Jack Hinchy

Personal information
- Full name: Jack Samuel Lawrence Hinchy
- Date of birth: 30 January 2003 (age 23)
- Place of birth: Swindon, England
- Height: 1.80 m (5 ft 11 in)
- Position: Central midfielder

Team information
- Current team: Altrincham
- Number: 4

Youth career
- 0000–2021: Stockport County
- 2021–2024: Brighton & Hove Albion

Senior career*
- Years: Team / Apps / (Gls)
- 2021: Stockport County / 0 / (0)
- 2021–2024: Brighton & Hove Albion / 0 / (0)
- 2024: → Shrewsbury Town (loan) / 12 / (0)
- 2024–2026: Notts County / 25 / (1)
- 2025: → Altrincham (loan) / 4 / (0)
- 2026: → Wealdstone (loan) / 11 / (0)
- 2026–: Altrincham / 0 / (0)

= Jack Hinchy =

English footballer (born 2003)

Jack Samuel Lawrence Hinchy (born 30 January 2003) is an English professional footballer who plays as a central midfielder for club Altrincham.

==Career==
===Stockport County===
Hinchy started his career at Stockport County, progressing through the academy and signing his first professional contract in February 2021. He made his debut for Stockport in an FA Cup tie against West Ham United.

===Brighton & Hove Albion===
In August 2021, Hinchy moved to the academy of Premier League side Brighton & Hove Albion.

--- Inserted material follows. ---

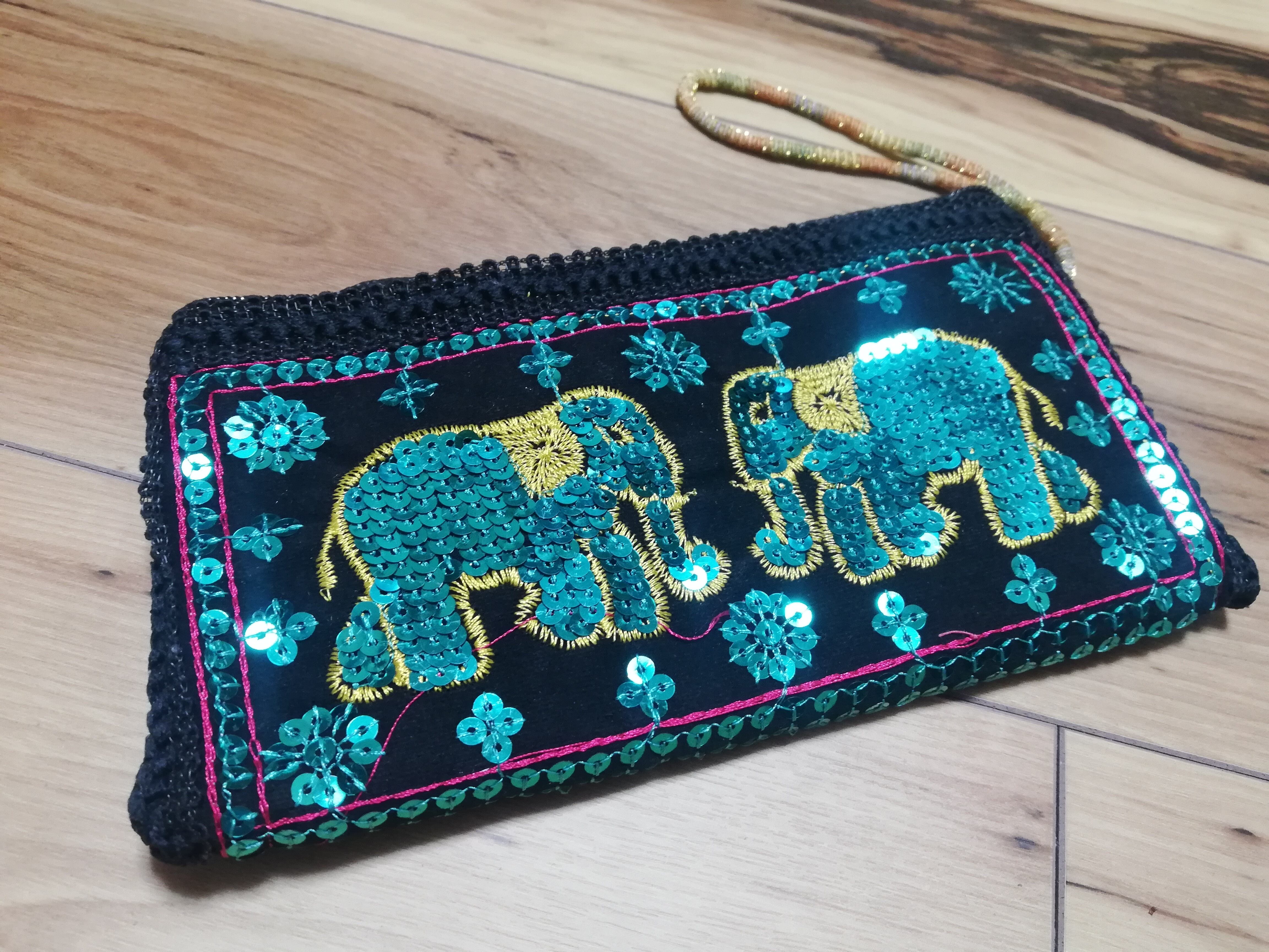 スリランカ産の鮮やかなハンドメイドポーチです(^^)
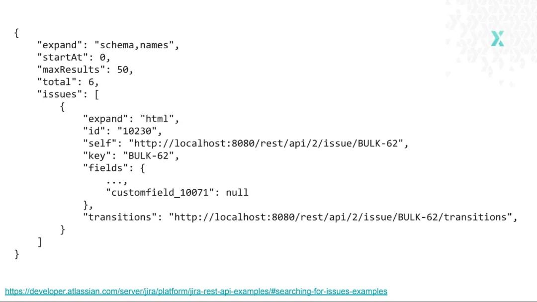 HATEOAS 不像其他成熟度模型的等级那样流行,但是有些开发人员确实在使用它。其中一个样例就是 Jira,如下是它们的搜索 API 的响应:

He made his senior debut for the Albion a year later on 24 August 2022, replacing Tariq Lamptey in the 80th minute of the 3–0 EFL Cup second round victory over League One side Forest Green Rovers.

On 1 February 2024, Hinchy joined League One club Shrewsbury Town on loan for the remainder of the season.

===Notts County===
On 26 July 2024, Hinchy joined League Two club Notts County on a two-year deal.

On 1 October 2025, Hinchy joined National League club Altrincham on loan until January 2026. He was recalled by Notts County on 11 December.

On 3 March 2026, Hinchy joined National League side Wealdstone on loan until the end of the season.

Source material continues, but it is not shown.